The pictures stay out. Please retype every line below exactly.

(Items from a data source)
——————————

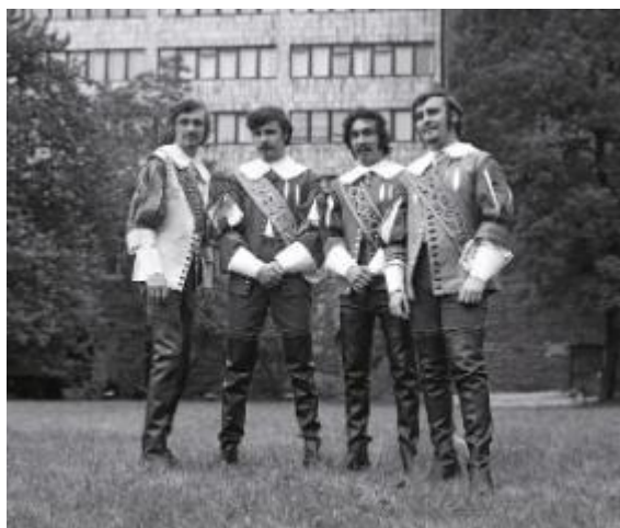
Trubadurzy.
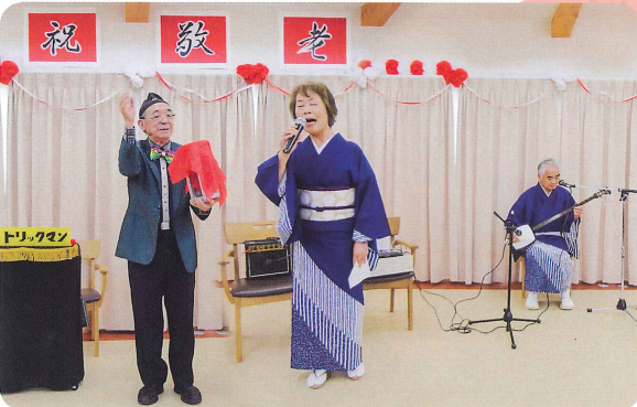
かんまん会様による演芸 (デイサービスセンターつつじ)
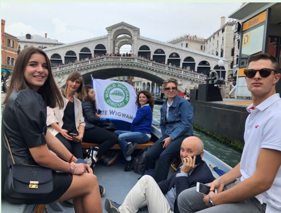
Altri due momenti a Venezia dello staff Wigwam in epoca pre-pandemia

Si invita dunque a prendere in considerazione il patrimonio culturale di ambito locale collocandolo in una dimensione più ampia, e a cercare in esso le tracce delle relazioni fra le genti che si sono mosse per terra e per mare, incontrandosi e condividendo conoscenze, pratiche culturali e artistiche, ma anche attività commerciali, credenze religiose, abilità artigianali e agricole, innovazioni tecniche.
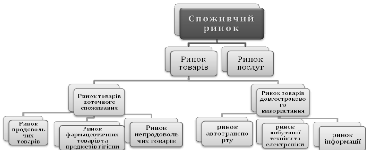
Рис. 1. Структура споживчого ринку

На наш погляд, для аналізу тенденції розвитку і функціонування ринку споживчих товарів доцільно виокремити ринок товарів поточного споживання та ринок товарів довгострокового використання. Така класифікація споживчого ринку дозволяє аналізувати не тільки кругообіг товарів в цілому, а й за терміном споживання, а також досліджувати вплив споживчого попиту на розвиток галузей національної економіки (рис.1).
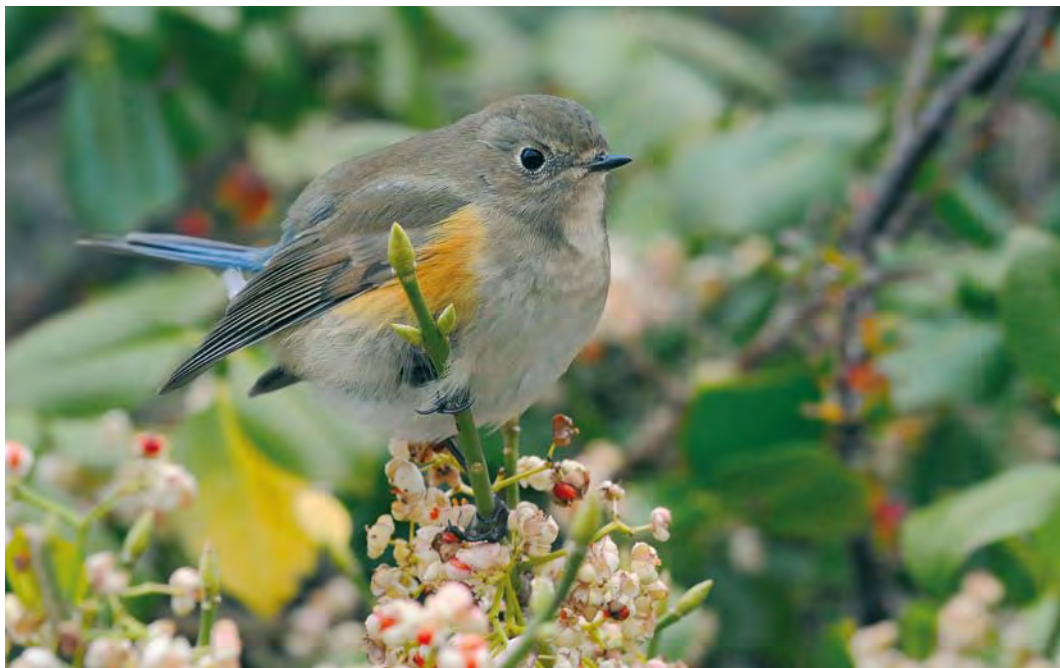
513 Red-flanked Bluetail / Blauwstaart Tarsiger cyanurus , first-year, Helgoland, Schleswig-Holstein, Germany, 31 October 2009

——————————

Reply to the task:
Trubadurzy.
かんまん会様による演芸 (デイサービスセンターつつじ)
Altri due momenti a Venezia dello staff Wigwam in epoca pre-pandemia

Si invita dunque a prendere in considerazione il patrimonio culturale di ambito locale collocandolo in una dimensione più ampia, e a cercare in esso le tracce delle relazioni fra le genti che si sono mosse per terra e per mare, incontrandosi e condividendo conoscenze, pratiche culturali e artistiche, ma anche attività commerciali, credenze religiose, abilità artigianali e agricole, innovazioni tecniche.
Рис. 1. Структура споживчого ринку

На наш погляд, для аналізу тенденції розвитку і функціонування ринку споживчих товарів доцільно виокремити ринок товарів поточного споживання та ринок товарів довгострокового використання. Така класифікація споживчого ринку дозволяє аналізувати не тільки кругообіг товарів в цілому, а й за терміном споживання, а також досліджувати вплив споживчого попиту на розвиток галузей національної економіки (рис.1).
513 Red-flanked Bluetail / Blauwstaart Tarsiger cyanurus , first-year, Helgoland, Schleswig-Holstein, Germany, 31 October 2009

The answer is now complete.